**Exercise goal**
Leaving out pictures, output exactly the lines below from the one that has "Im Inneren setzt" through the one that has "IT之家 4 月 10", and nothing else.

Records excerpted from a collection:
((

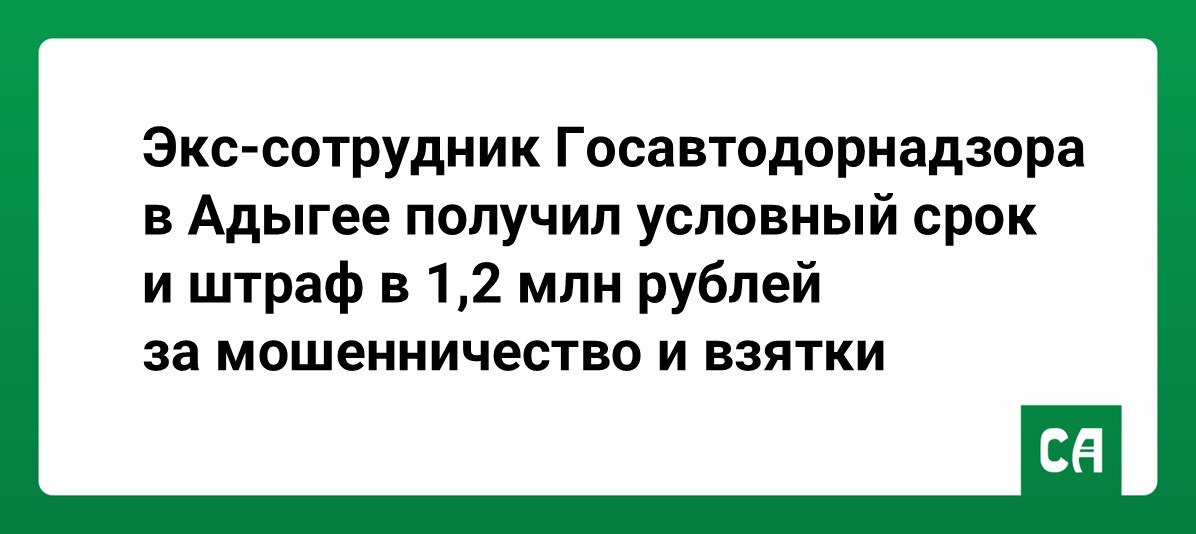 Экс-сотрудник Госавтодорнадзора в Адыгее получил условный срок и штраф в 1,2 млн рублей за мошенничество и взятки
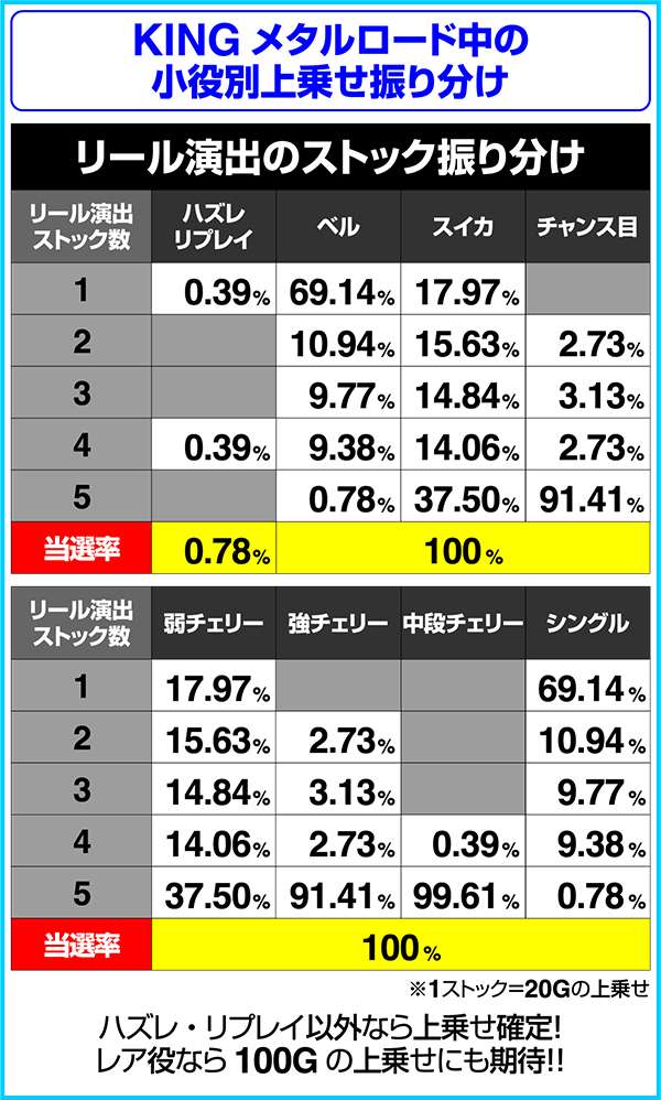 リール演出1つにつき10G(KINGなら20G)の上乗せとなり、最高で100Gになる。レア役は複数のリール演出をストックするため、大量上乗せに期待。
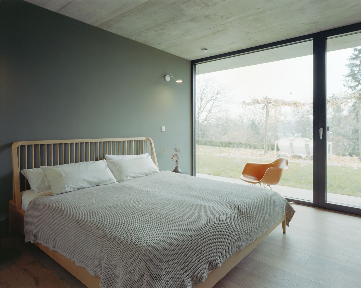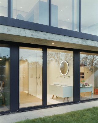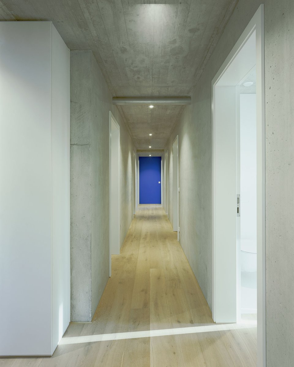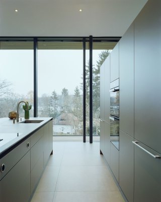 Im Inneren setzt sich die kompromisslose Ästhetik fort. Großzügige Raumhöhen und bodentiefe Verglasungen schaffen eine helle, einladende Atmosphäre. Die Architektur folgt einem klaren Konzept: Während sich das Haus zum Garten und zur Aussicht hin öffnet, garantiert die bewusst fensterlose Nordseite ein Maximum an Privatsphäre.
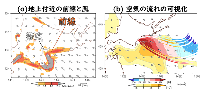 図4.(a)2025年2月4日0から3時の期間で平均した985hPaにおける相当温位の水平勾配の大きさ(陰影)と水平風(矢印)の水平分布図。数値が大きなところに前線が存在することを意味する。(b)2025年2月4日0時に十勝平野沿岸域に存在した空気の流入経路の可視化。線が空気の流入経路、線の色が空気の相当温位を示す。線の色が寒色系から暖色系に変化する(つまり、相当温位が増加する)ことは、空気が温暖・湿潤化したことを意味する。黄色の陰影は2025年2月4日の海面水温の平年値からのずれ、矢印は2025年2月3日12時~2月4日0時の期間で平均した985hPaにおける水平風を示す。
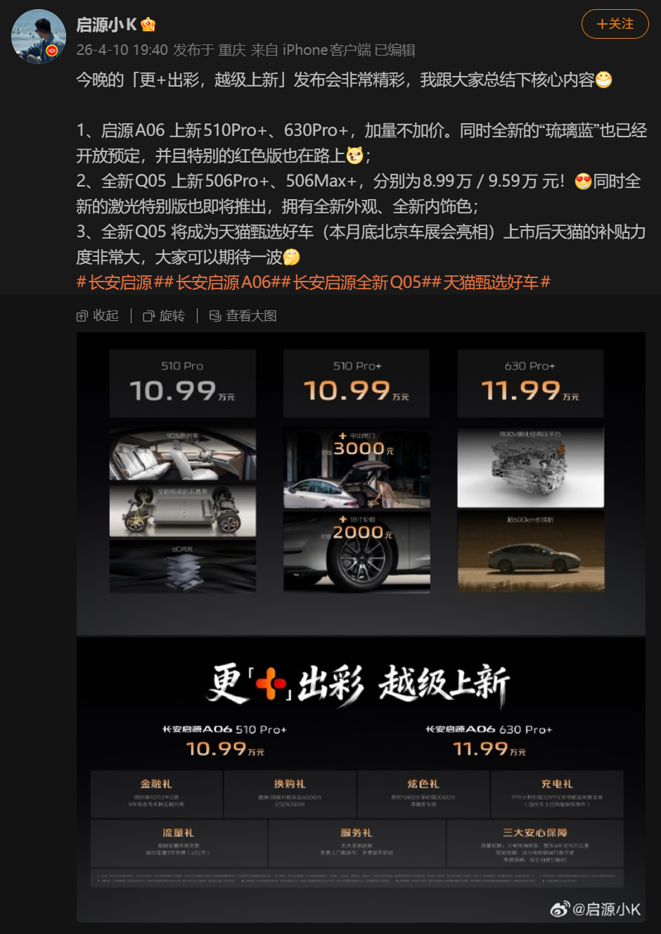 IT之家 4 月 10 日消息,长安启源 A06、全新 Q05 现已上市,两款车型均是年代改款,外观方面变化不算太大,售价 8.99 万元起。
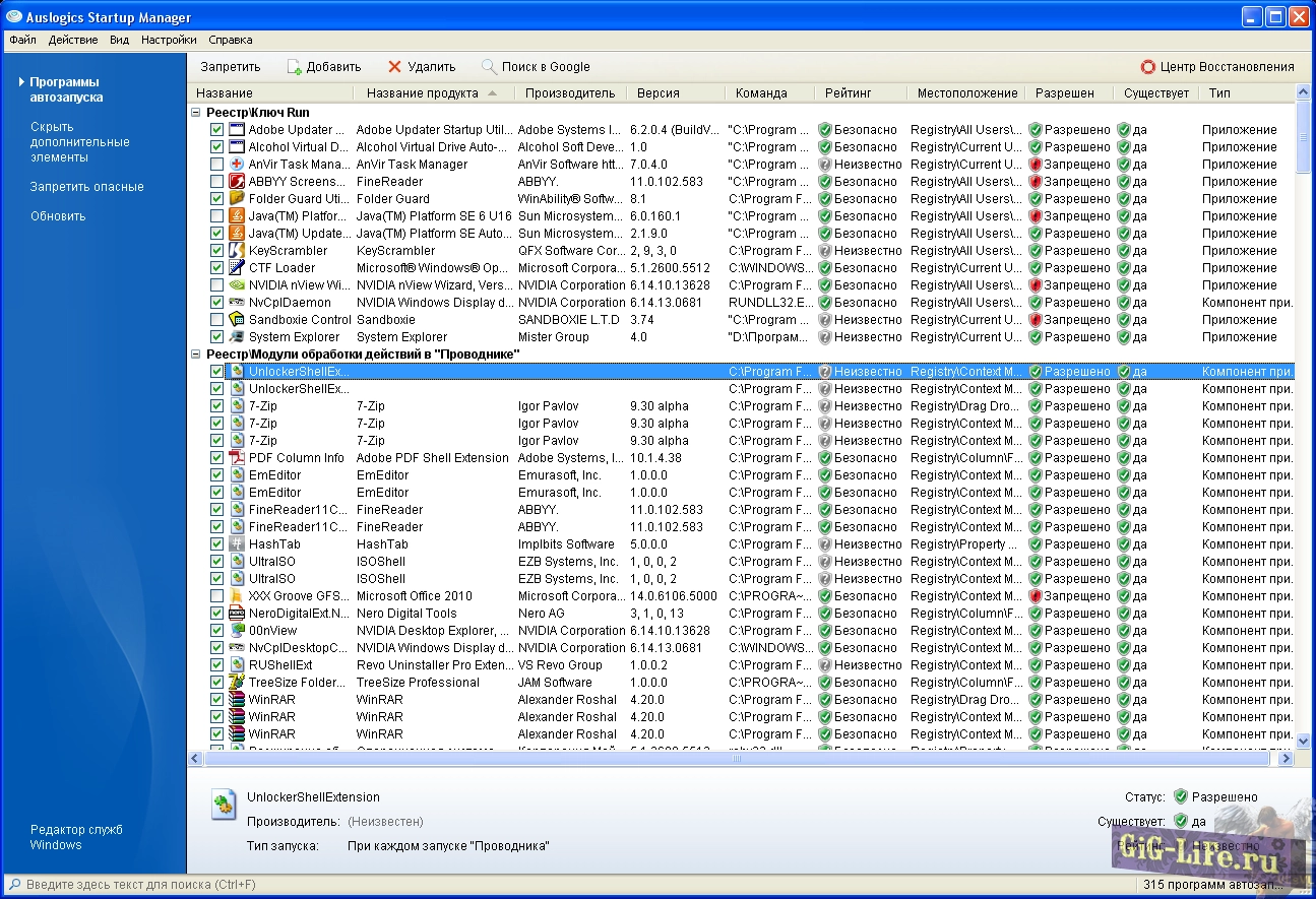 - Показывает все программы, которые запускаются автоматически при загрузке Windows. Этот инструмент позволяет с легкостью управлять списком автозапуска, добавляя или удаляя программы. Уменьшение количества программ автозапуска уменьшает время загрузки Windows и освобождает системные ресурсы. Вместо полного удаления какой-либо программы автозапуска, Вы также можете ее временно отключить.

))

**Solution to the exercise**
 Im Inneren setzt sich die kompromisslose Ästhetik fort. Großzügige Raumhöhen und bodentiefe Verglasungen schaffen eine helle, einladende Atmosphäre. Die Architektur folgt einem klaren Konzept: Während sich das Haus zum Garten und zur Aussicht hin öffnet, garantiert die bewusst fensterlose Nordseite ein Maximum an Privatsphäre.
 図4.(a)2025年2月4日0から3時の期間で平均した985hPaにおける相当温位の水平勾配の大きさ(陰影)と水平風(矢印)の水平分布図。数値が大きなところに前線が存在することを意味する。(b)2025年2月4日0時に十勝平野沿岸域に存在した空気の流入経路の可視化。線が空気の流入経路、線の色が空気の相当温位を示す。線の色が寒色系から暖色系に変化する(つまり、相当温位が増加する)ことは、空気が温暖・湿潤化したことを意味する。黄色の陰影は2025年2月4日の海面水温の平年値からのずれ、矢印は2025年2月3日12時~2月4日0時の期間で平均した985hPaにおける水平風を示す。
 IT之家 4 月 10 日消息,长安启源 A06、全新 Q05 现已上市,两款车型均是年代改款,外观方面变化不算太大,售价 8.99 万元起。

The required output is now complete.